We Need To Talk…About DSCR

Today, we’re talking about DSCR — or debt service coverage ratio and why it’s basically the Holy Grail of CRE metrics.
Laura Bohlmann, Client Experience Manager

“We need to talk”.

I know they’re not words you want to hear, but I promise this time it’s worth your while.

About what exactly? Nope, you’re not getting fired, and we’re not breaking up. Today, we’re talking about DSCR — or debt service coverage ratio and why it’s basically the Holy Grail of CRE metrics.

DSCR is a calculation used to see the cashflow of your property after you’ve removed all of your annual debts, but what you really need to know is that it’s important. Like really important, and it’s generally the first thing lenders look at in the borrowing process. Why? Because it can determine the structure of a loan. For example, if someone isn’t even close to the minimum DSCR they are looking for, then the lender will decline the loan right away. If someone has a DSCR that comes very close to the minimum DSCR amount, then a lender might cut back the total loan amount which will then require a larger down payment. This will increase the DSCR amount AND lower the LTV amount which will mitigate the risk in two ways. See what I mean? Important.

How Do You Calculate It?

To calculate the DSCR of a given property, you’ll take your Net Operating Income (NOI) (more on that here) and divide it by the total annual debt.

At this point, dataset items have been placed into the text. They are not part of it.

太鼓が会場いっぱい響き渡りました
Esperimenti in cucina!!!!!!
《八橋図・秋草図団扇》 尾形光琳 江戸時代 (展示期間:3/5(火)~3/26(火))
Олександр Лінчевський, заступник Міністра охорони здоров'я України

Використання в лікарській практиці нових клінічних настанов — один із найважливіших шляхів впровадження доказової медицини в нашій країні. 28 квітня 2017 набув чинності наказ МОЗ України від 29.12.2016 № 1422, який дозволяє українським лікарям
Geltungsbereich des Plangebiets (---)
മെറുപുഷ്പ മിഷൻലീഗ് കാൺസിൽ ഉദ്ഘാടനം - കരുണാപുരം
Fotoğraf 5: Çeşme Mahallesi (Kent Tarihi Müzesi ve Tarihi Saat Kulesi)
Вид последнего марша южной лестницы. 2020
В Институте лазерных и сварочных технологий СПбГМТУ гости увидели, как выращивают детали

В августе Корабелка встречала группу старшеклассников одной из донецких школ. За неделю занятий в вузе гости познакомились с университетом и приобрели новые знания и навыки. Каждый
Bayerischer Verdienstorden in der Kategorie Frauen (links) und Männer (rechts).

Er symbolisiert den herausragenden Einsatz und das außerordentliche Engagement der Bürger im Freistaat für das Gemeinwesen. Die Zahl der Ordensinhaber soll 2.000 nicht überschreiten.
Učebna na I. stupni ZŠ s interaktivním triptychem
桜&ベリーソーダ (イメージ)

Typically, a CRE loan has a business listed as the primary borrower. So, in this case the annual debt includes all of the current year’s business debt obligations (or borrowers’ debts). This would include debts such as line of credit payments, minimum credit card payments, business lease payments or any type of business loan payment (this can even include business equipment loans). The most common mistake I see in calculating DSCR is not including all of the borrower’s debts. Some people only account for the loan payment but forget to include all other business debts, so be sure to keep an eye out for this.

Let’s Practice!

In this case, let’s say you’re looking at a property with an NOI of $150,000 dollars and there’s a $10,000 dollar monthly payment. Over the course of the year (annual, or x12), that monthly payment would amount to a total Annual Debt of $120,000.

Divide the NOI by the total annual debt and that gives you a Debt Service Coverage Ratio of 1.25. So, what does that mean exactly? A DSCR of 1.25means that you have 1.25x the amount of cashflow on that property than you do debt (FYI, that’s good).

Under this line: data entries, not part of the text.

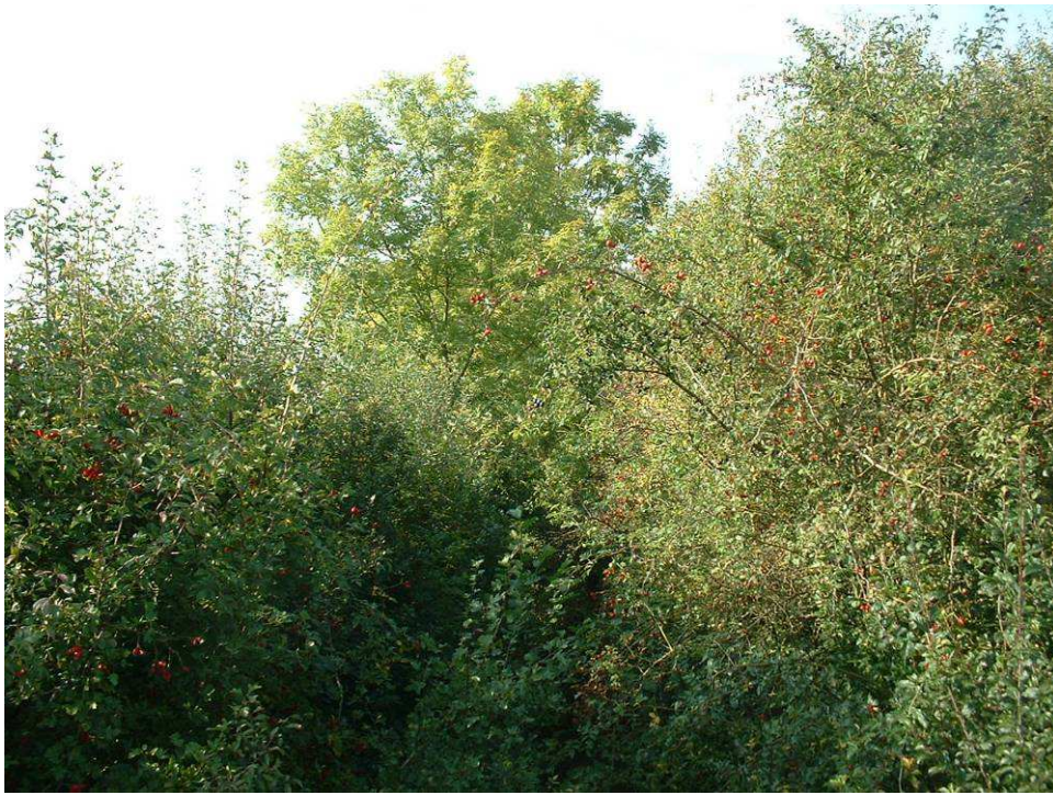
Intervention mécanique sur la ripisylve pour dégager le lit mineur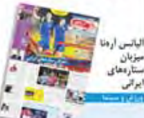
الیاس ارنا ستاره‌های ایرانی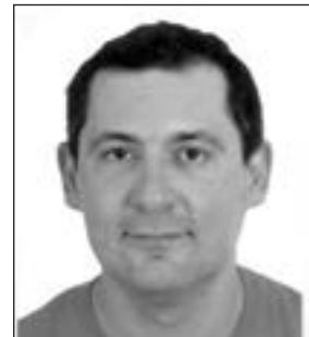
Του Παναγιώτη Βασματζίδη

Όταν η Μάγδα μου μίλησε για αυτό το αρθράκι στην αγαπημένη μας εφημερίδα του Gestalt Foundation, αμέσως το μυαλό μου έτρεξε στην επιθυμία να μοιραστώ τη μοναδική (και κατά κυριολεξία) εμπειρία μου σύγκρουσης σε Επιχείρηση, όπου καλέστηκα να προσφέρω συμβουλευτική και μάλιστα μου ζητήθηκε να χρησιμοποιήσω τεχνικές Gestalt. Αναλογιζόμενος λοιπόν τι ιδιαίτερο έκανα, και αν όντως έκανα κάτι συνοπτικά θα σας παρουσιάσω τα στάδια από τα οποία πέρασα στις εφαρμογές μου.

It’s important to note that preferences and requirements on what makes a ‘good’ or ‘bad’ DSCR value can vary from lender to lender. Generally, a lender will create a covenant saying that the property must have a “minimum DSCR of X” and then they track it through the life of the loan to ensure that the property is still making an adequate amount of money to make the loan payments. If the borrower doesn’t meet the minimum DSCR requirement at any point during review (typically tracked once per year at annual review) then the lender might start reviewing that loan more frequently (like every quarter, for example). Or, if this trend continues for long enough, they may possibly force the borrower to pay off the loan entirely.

While there is no ‘set range’, here’s generally how DSCR gets broken down:

No matter how ‘good’ the DSCR is at the outset, it always gets tracked throughout the year and here’s why: it fluctuates, and sometimes, a lot.

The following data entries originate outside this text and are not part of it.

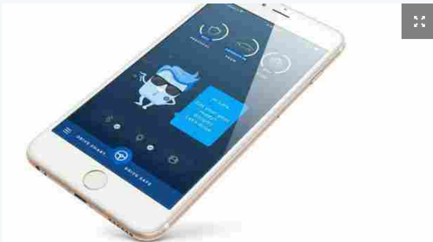
Smartphone alla guida, arriva sensore che inibisce schermo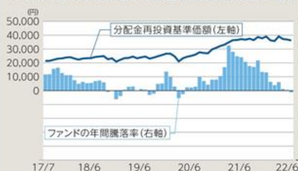
ファンドの年間騰落率及び分配金再投資基準価額の推移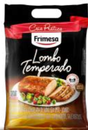
Carne de Cerdo sin Hueso Condimentada Congelada - Lombo 1,7kg Cód. 077423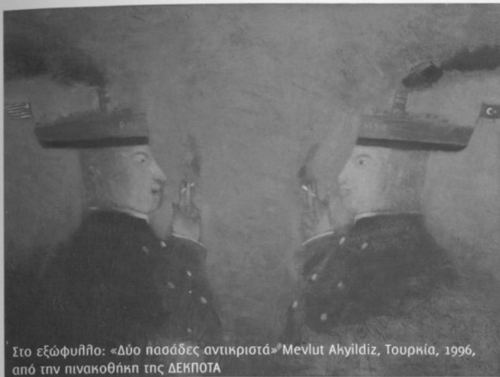
Στο εξώφυλλο: «Δύο πασάδες αντικριστά» Mervut Akyildiz, Τουρκία, 1996, από την πινακοθήκη της ΔΕΚΠΟΤΑ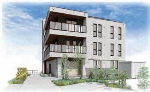
▲江戸川北青色申告会・新会館イメージ

新会館 建設工事始まる 江戸川北青色申告会新会館建設に伴い、2020年5月30日(土)に地鎮祭が行われました。 また、12月25日(金)完成予定となります。新会館のオープン日等については改めてご報告させていただきます。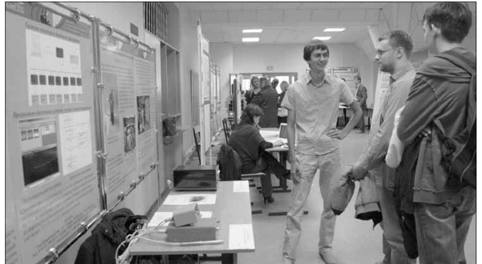
➔ Молодые учёные на выставке старались заинтересовать специалистов производства в своих разработках

— Я думаю, любой человек, однажды попав-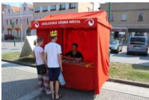
10. 9. 2016 Městské slavnosti Vysoké Mýto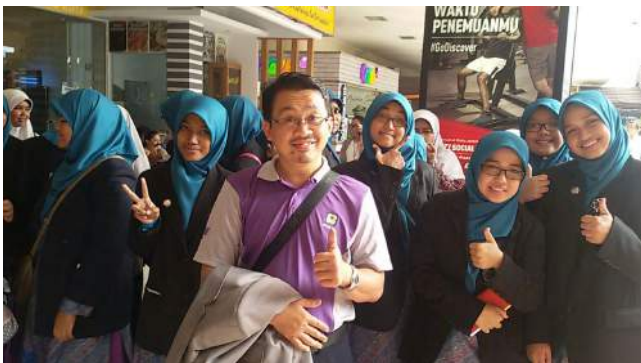
Timbalan Rektor meraikan Mahasiswa KUIS mengikuti Pertukaran Pelajar UNIDA Gontor.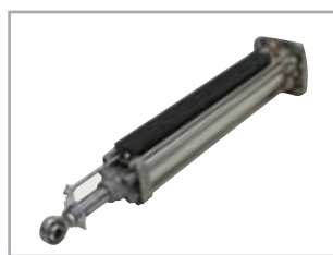
POSITION GATE Encoder assoluto lineare (opzionale)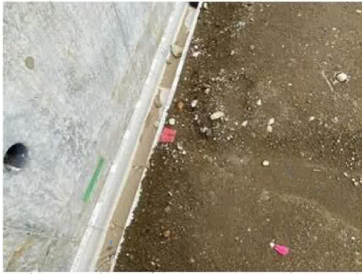
新しく造成工事を行ったお土地の為、境界標もしっかり設置されています。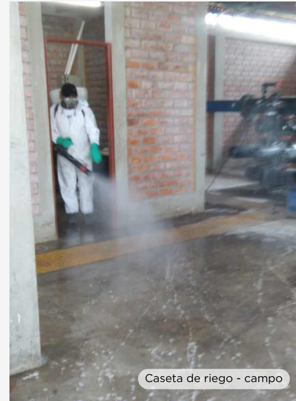
Caseta de riego - campo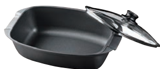
⑩ スイスダイヤモンド ロースター (蓋付き)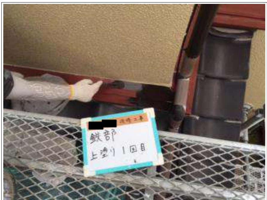
鉄部 上塗り（1回目）施工中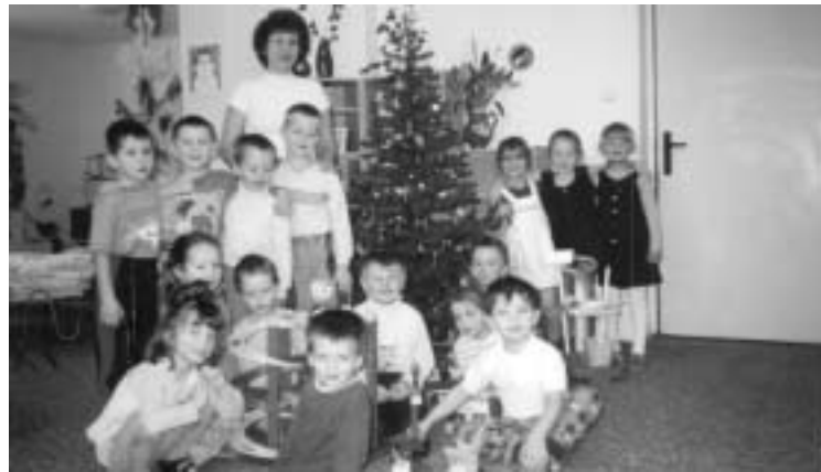
MŠ u nazdobeného vánočního stromčku.

The DSCR value can change because the NOI can fluctuate, too, based on changes in things like vacancies and expenses. So, if your NOI decreases then your DSCR will decrease as well. Also, the total debts can increase as the borrower takes on more debt. If the borrower’s debts increase, then the DSCR will decrease.

Here Is What A Borrower Can Do To Work On Increasing Their DSCR:

  1. Increase their NOI by increasing their revenue (which they can do by raising the rent, for example).
  2. They can also decrease their expenses to increase NOI. For example, they can analyze their spending and cut down any unnecessary expenses.
  3. Lastly, they can pay off business debts. By paying off as much debt as possible it will decrease their overall total debt expense and in turn increase their DSCR.

We’ve established that DSCR is important, but today, it matters more than ever.

With market changes brought on the by the pandemic, we’re looking at a level of instability that makes lenders wary — and for good reason. In most cases (and pre-COVID), a ‘good’ DSCR value would be anywhere between 1.25 and 1.5. Today, you can expect that lenders are likely looking for DSCRs in a higher range than usual because of that volatility in the market. Raising the bar on DSCR helps lenders mitigate risk in uncertain times (like now) where expense rates and vacancies are higher than normal. As such, it’s extremely important for lenders to be able to consistently monitor the DSCR of a property with real-time data. This way, they can get the most accurate picture of performance possible and get ahead of unfavorable changes that may be coming.

And there you have it: DSCR. Hopefully this gives you a good overview of why it matters, how it’s calculated, and how to stay on top of it. Your takeaway for today? Keep your blood pressure down and your DSCR up! Doctor’s orders!